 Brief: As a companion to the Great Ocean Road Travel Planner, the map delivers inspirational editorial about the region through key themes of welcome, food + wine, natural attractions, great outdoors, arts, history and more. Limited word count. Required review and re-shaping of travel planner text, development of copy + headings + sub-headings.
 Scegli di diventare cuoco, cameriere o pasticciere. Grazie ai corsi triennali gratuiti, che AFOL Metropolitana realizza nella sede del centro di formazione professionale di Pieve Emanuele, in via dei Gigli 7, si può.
* * *
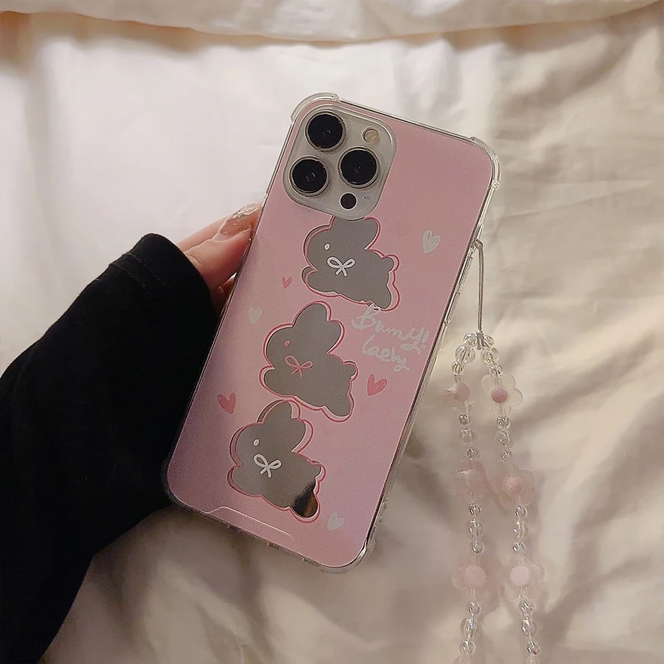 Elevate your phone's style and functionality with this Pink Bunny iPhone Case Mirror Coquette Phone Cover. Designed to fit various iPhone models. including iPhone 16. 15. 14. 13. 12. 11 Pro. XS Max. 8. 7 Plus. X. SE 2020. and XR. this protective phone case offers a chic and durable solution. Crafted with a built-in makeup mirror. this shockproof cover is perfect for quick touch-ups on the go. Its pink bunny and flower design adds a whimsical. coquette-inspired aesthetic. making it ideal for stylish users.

§ **What to produce**
The response should hold exactly the lines starting at the line with "Brief: As a" and ending at the line with "Scegli di diventare", and no other line of the material above.

§ **Solved exercise**
 Brief: As a companion to the Great Ocean Road Travel Planner, the map delivers inspirational editorial about the region through key themes of welcome, food + wine, natural attractions, great outdoors, arts, history and more. Limited word count. Required review and re-shaping of travel planner text, development of copy + headings + sub-headings.
 Scegli di diventare cuoco, cameriere o pasticciere. Grazie ai corsi triennali gratuiti, che AFOL Metropolitana realizza nella sede del centro di formazione professionale di Pieve Emanuele, in via dei Gigli 7, si può.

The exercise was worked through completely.